А когда я в августе была с Хольцхофами в Сильсе, мне тоже долго не удавалось его найти. Нам сказали, что он живет в маленькой гостинице в горах. Я зашла туда часов в одиннадцать. Услышала шаги, обернулась, дверь столовой отворилась, он устало прислонился к косяку. Лицо бледное, растерянное; он сразу же начал говорить о невыносимости своих страданий. Описал мне, как, закрывая глаза, видит множество фантастических цветов, которые, переплетаясь, вырастают один из другого, меняя цвет и форму. Жаловался: «Ни секунды покоя».

От Овербека я знаю, что за два месяца он употребил 50 граммов хлоральгидрата, яда, которым умерял свои страдания несчастный король Людвиг Баварский. В пять утра из своего окна я увидела, как он неуверенной походкой под большим желтым зонтом направляется к озеру.

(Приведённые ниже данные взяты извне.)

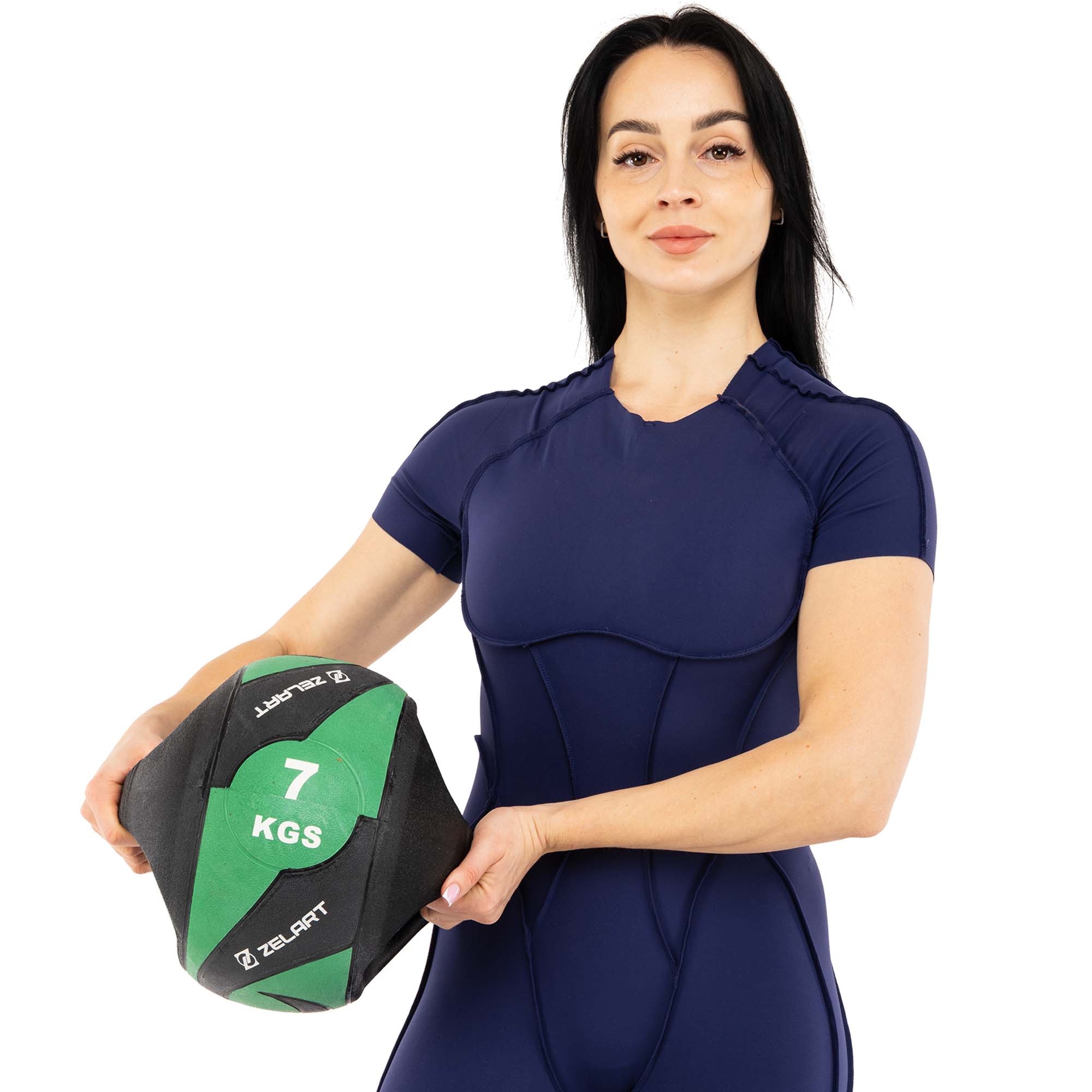 Медбол м'яч медичний дворучний з хватами Record FI-5111-7 7кг чорний-зелений

Жил он в комнате на втором этаже, почти пустой. Когда я спросила о нем хозяина гостиницы, тот только пожал плечами: “Эх, сеньора”.

От всего этого душа не перестает болеть.

Ты, вероятно, спросишь, что у меня. Ах, моя дорогая… Ну что у меня? Потихоньку возвращаюсь к жизни. А было худо.

Warschau — красивый, хотя грустный город. Мои хозяева отнеслись ко мне очень сердечно, в отличие от госпожи Хольцхоф, моей венской покровительницы, которую так расхваливали Горовицы. Огромная радость — встретить кого-то, кто понимает чужую слабость и не осуждает ее. А сколько хорошего сделал для меня Александр, тот самый молодой человек, который учится на инженера в Гейдельберге, я Тебе про него писала в мае.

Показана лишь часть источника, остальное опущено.